Year 9 Science · Unit 4 · Lesson 15
Apply Worksheet
Learning Goals
True or False? Fix the false ones
Circle T or F for each statement. If the statement is false, rewrite it correctly on the line below.
A scientific argument is made of a claim, evidence and reasoning.
Correct it:
A large number of likes is strong evidence that a claim is true.
Correct it:
A graph axis that starts above zero can make a small change look much larger.
Correct it:
A correlation in the data proves that one thing caused the other.
Correct it:
Scenario
A viral post claims: "Our new brain supplement boosts memory by 40 percent." It shows a bold graph whose vertical axis starts at 35 instead of 0, quotes one happy customer, and has over fifty thousand likes. There is no link to a peer-reviewed trial.
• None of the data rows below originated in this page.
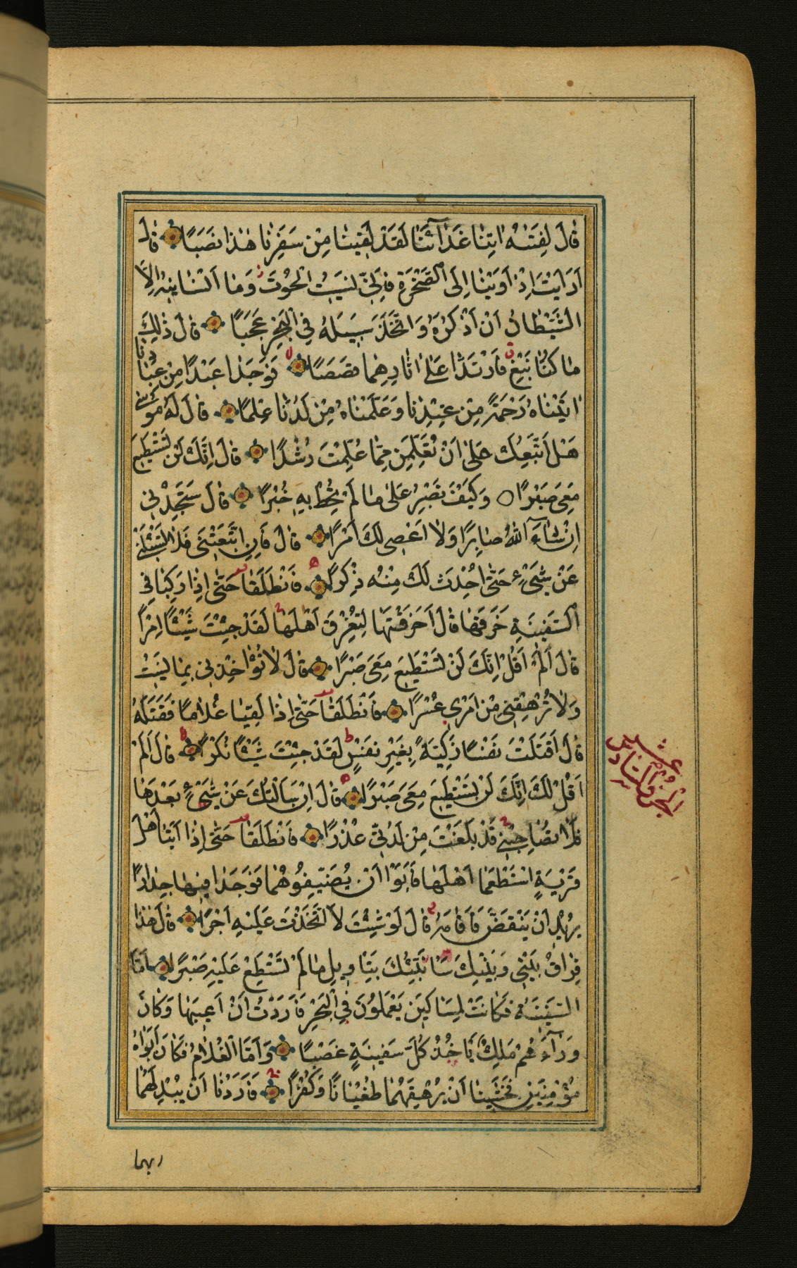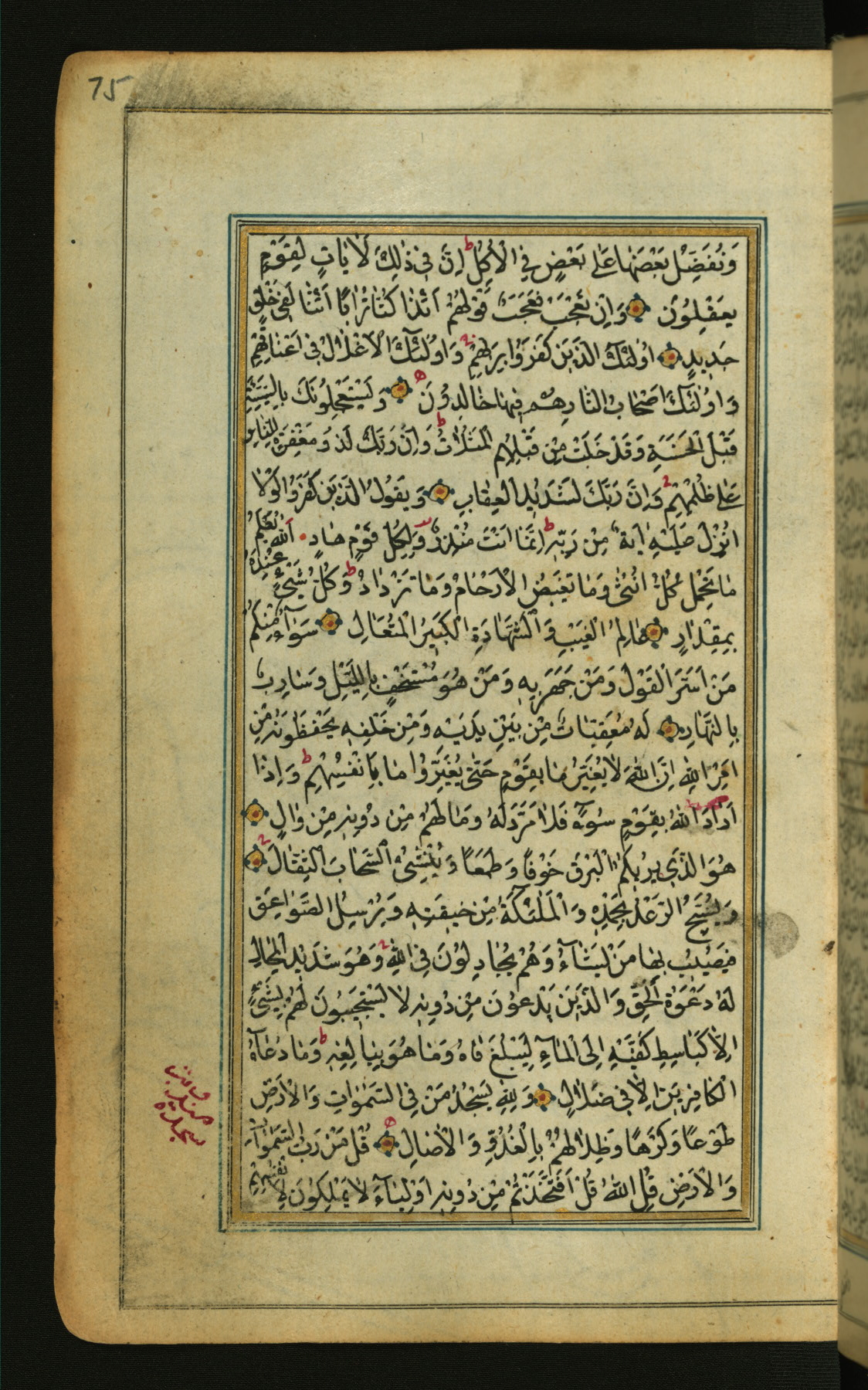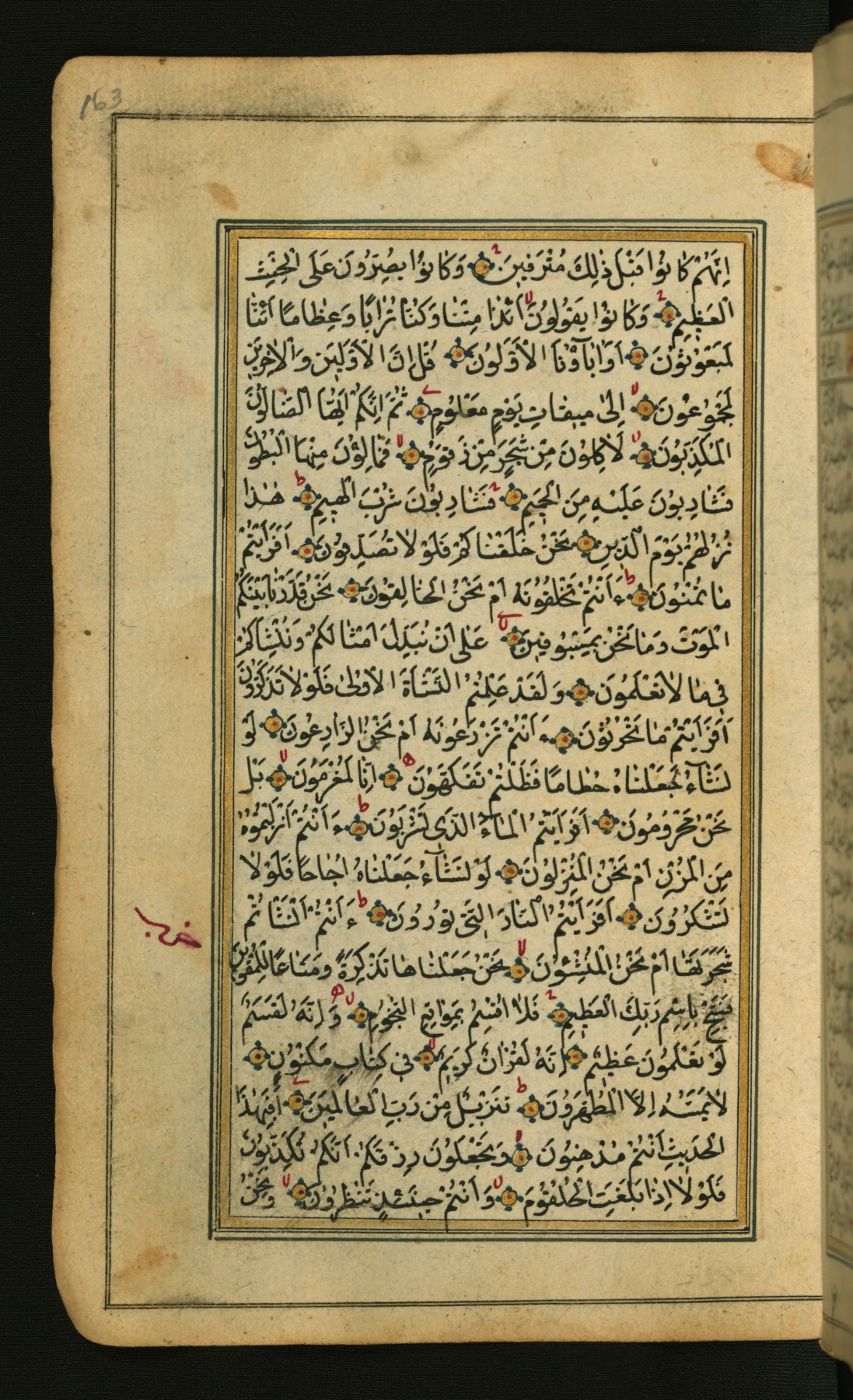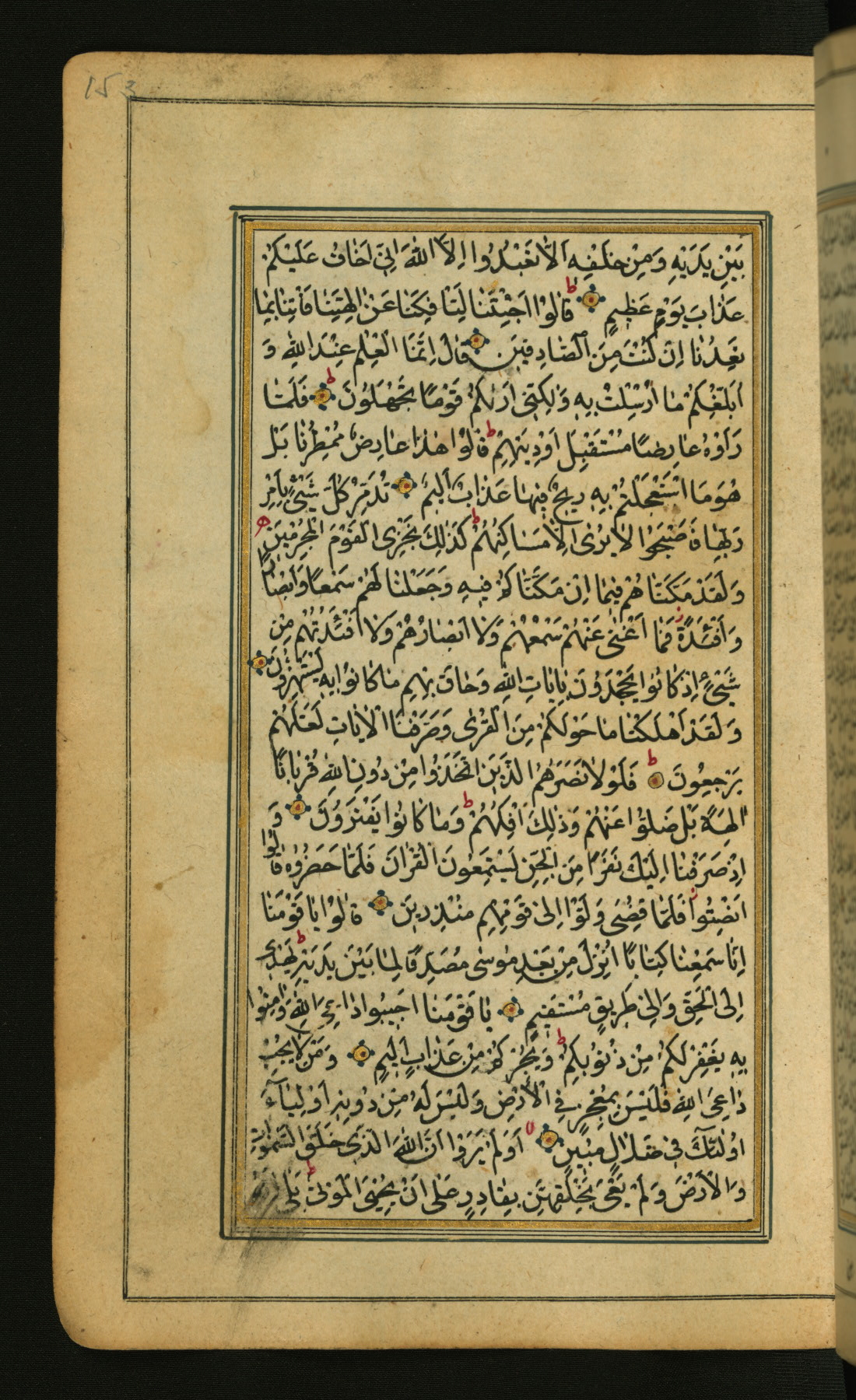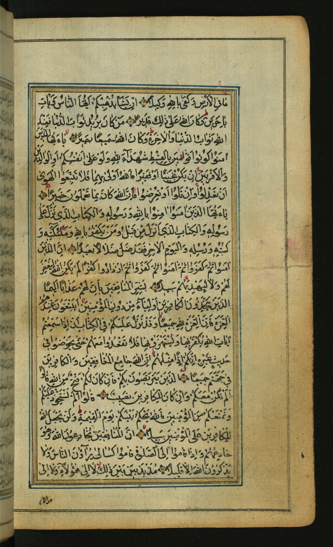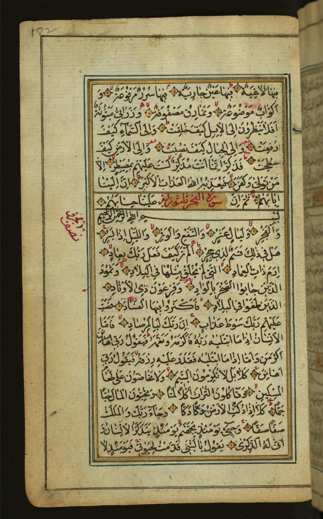 This manuscript is a small illuminated single-volume copy of the Qurʾan, likely produced in Iran. A date is inscribed on the final page, which is interpreted as 1230 AH / 1814-5 CE (fol. 186b). The manuscript opens with an illuminated double-page incipit with the verses of chapter 1 (Sūrat al-fātiḥah) and the initial verses of chapter 2 (Sūrat al-baqarah), decorated with interlinear illumination (fols. 1b-2a). The text is in vocalized naskh script in black ink with reading marks in red and text divisions, such as thirty verses (juzʾ) or sixty verses (ḥizb), in the margins. Illuminated discs with colored dots separate the verses. Chapter headings are in riqāʿ script in red ink on a gold ground. The nineteenth-century lacquer binding with a floral composition on a gold field on the upper and lower boards seems to be contemporary with the manuscript. The insides of both boards are painted with a lobed yellow central medallion and pendants on an orange field.
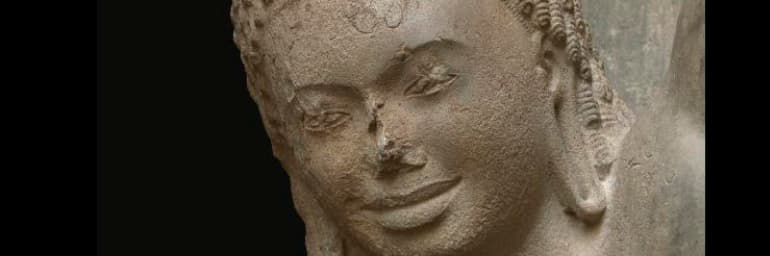 Krishna Lifting Mount Govardhan (detail), c. 600. Southern Cambodia, Takeo Province, Phnom Da. Sandstone; 203.1 x 68 x 55.5 cm. The Cleveland Museum of Art, John L. Severance Fund, 1973.106
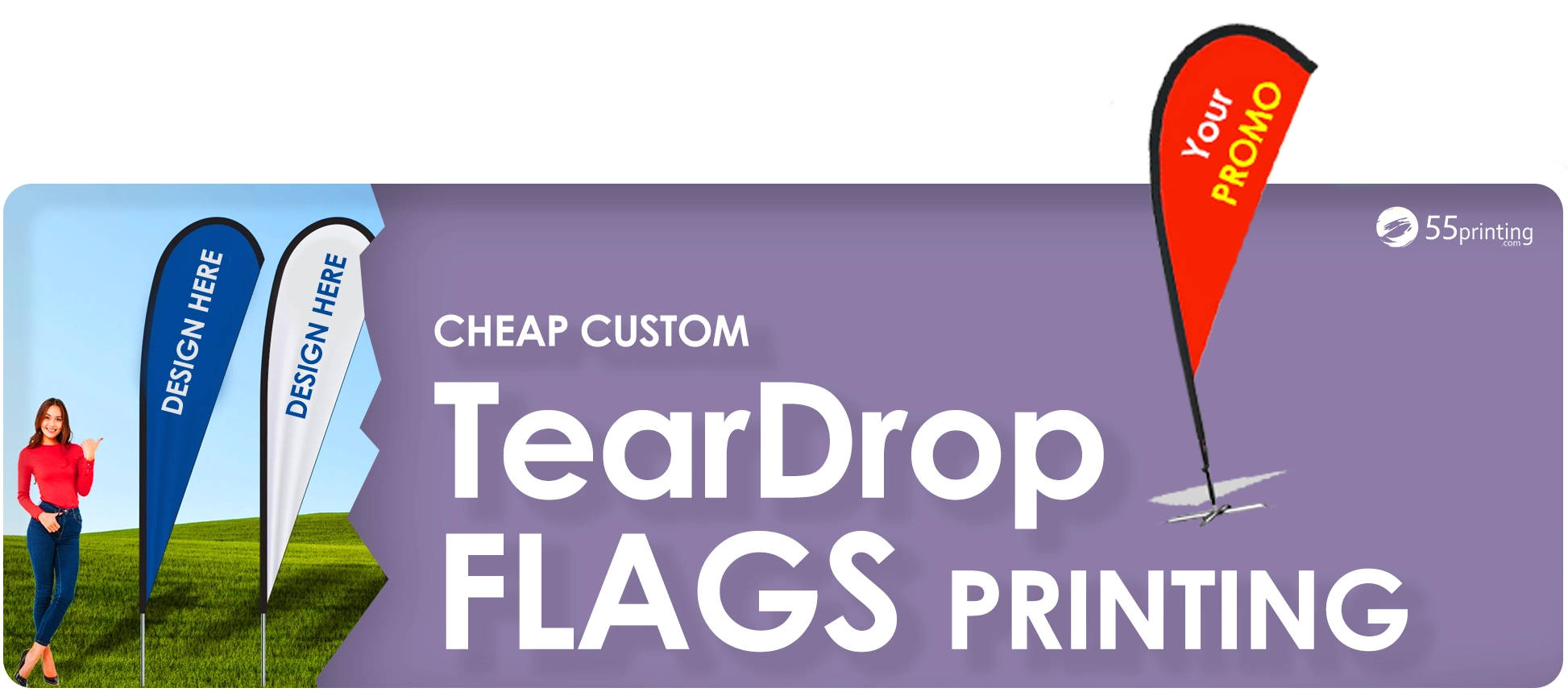 Transform your marketing today with the power of custom teardrop flags from 55Printing.
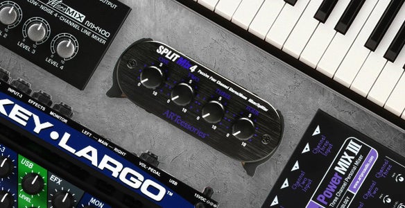 The SPLITMix4 is a 4-channel passive mixer that's equipped with four stereo input channels and one stereo output, all on 1/4" connectors. You can mix four stereo input channels down to one stereo output, split a stereo input channel to four stereo output channels, or combine these configurations to meet nearly any need. The SPLITMix4's independent stereo level controls provide over 90dB of attenuation per channel. Designed primarily as a line-level mixer for medium input/output impedances, the SPLITMix4 features a compact desktop-ready format.

(a) Where does the "evidence" in this post come from, and why is it weak? Give one reason.
(b) Explain what the graph's vertical axis starting at 35 does to how the result looks, and name the unit skill that spots it.
(c) The customers who took the supplement also studied more. Explain why this means the link is correlation rather than proven causation.
1. Deciding whether to buy the supplement is partly evidence and partly values. Give one evidence question and one values question you would ask before deciding.
2. Write a one-sentence claim about whether to trust the supplement post, then back it with one piece of evidence and one line of reasoning.
Wrap Up
In one sentence, what was the main idea of this lesson?